Convert charset from a entire project to utf-8
In your project's root directory, use find(1) to list all *.php
files and combine that with recode(1) to convert those files in place:
find . -type f -name '*.php' -exec recode windows1252..utf8 \{} \;
As an alternative to recode(1), you could also use iconv(1) to do the conversion (for usage with above find
command: iconv -f windows-1252 -t utf-8 -o \{} \{}
).
You need to have either recode or iconv installed for the above to work. Both should be easily installable via a package manager on most modern systems.

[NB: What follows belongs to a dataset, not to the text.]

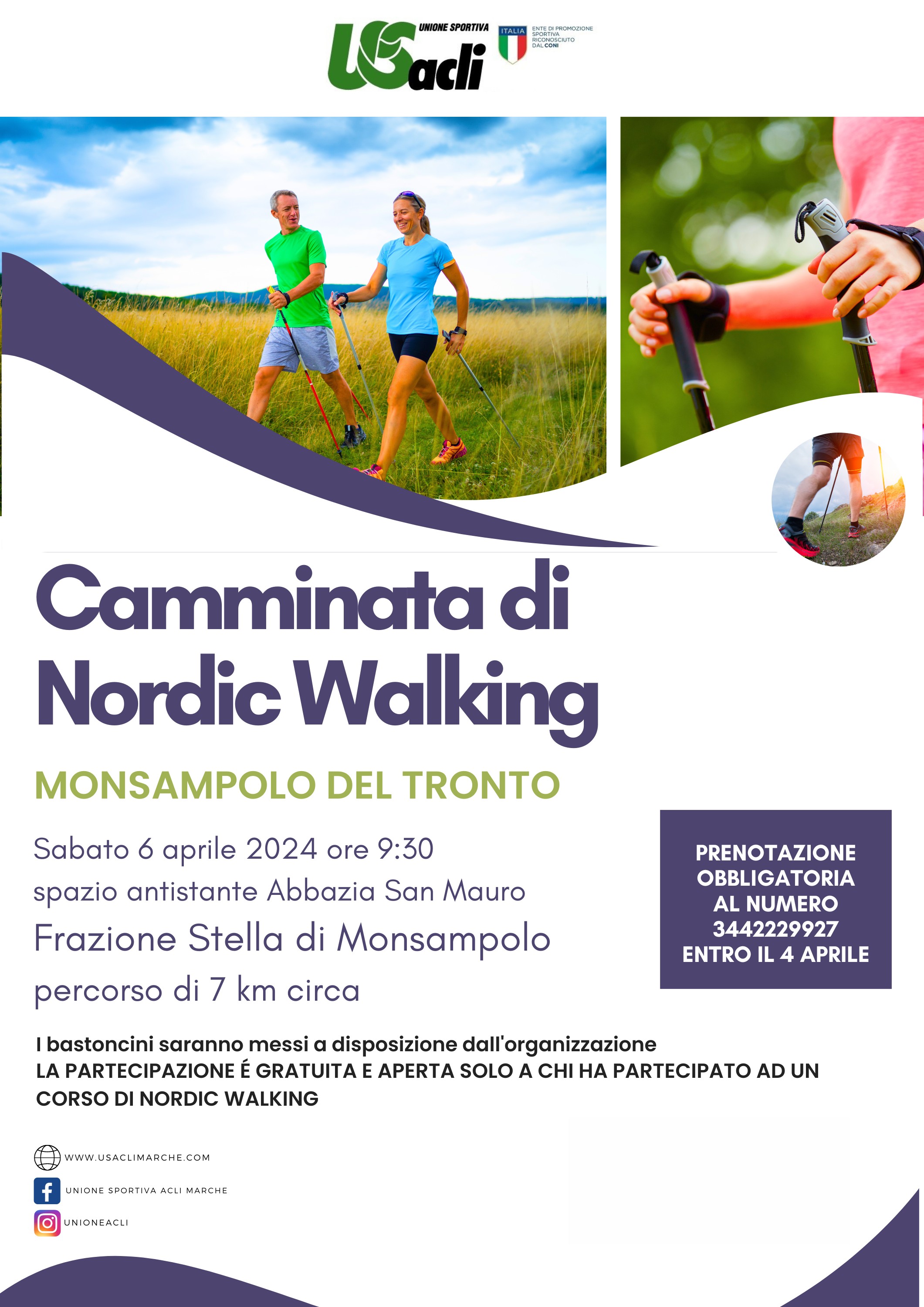 Sabato 6 aprile, a partire dalle ore 9,30, è in programma un nuovo appuntamento con il Nordic Walking a cura di Unione Sportiva Acli Marche Aps. L’appuntamento è fissato nello spazio antistante l’Abbazia di San Mauro a Stella di Monsampolo. La partecipazione all’iniziativa è riservata a chi ha già seguito un corso base di Nordic Walking, è gratuita, prevede l’attraversamento di un percorso di circa 7 chilometri e necessita di iscrizione inviando un messaggio al numero 3442229927 I bastoncini per poter partecipare alla camminata saranno messi a disposizione dall’organizzazione.

To convert a single file using Python (since I was asked...)
import codecswith codecs.open(filename_in, 'r', 'windows-1252') as fin: with codecs.open(filename_out, 'w', 'utf-8') as fout: for line in fin: fout.write(line)
It is also possible to encode to utf-8 directly into a string without writing it to a file:
utf8_line = line.encode('utf-8')
I had a similar case but where all files were not encoded in ISO-8859. Some were encoded in ASCII or UTF-8. Using a bare find ... -exec iconv ...
screwed up my git repo and I had to reclone it.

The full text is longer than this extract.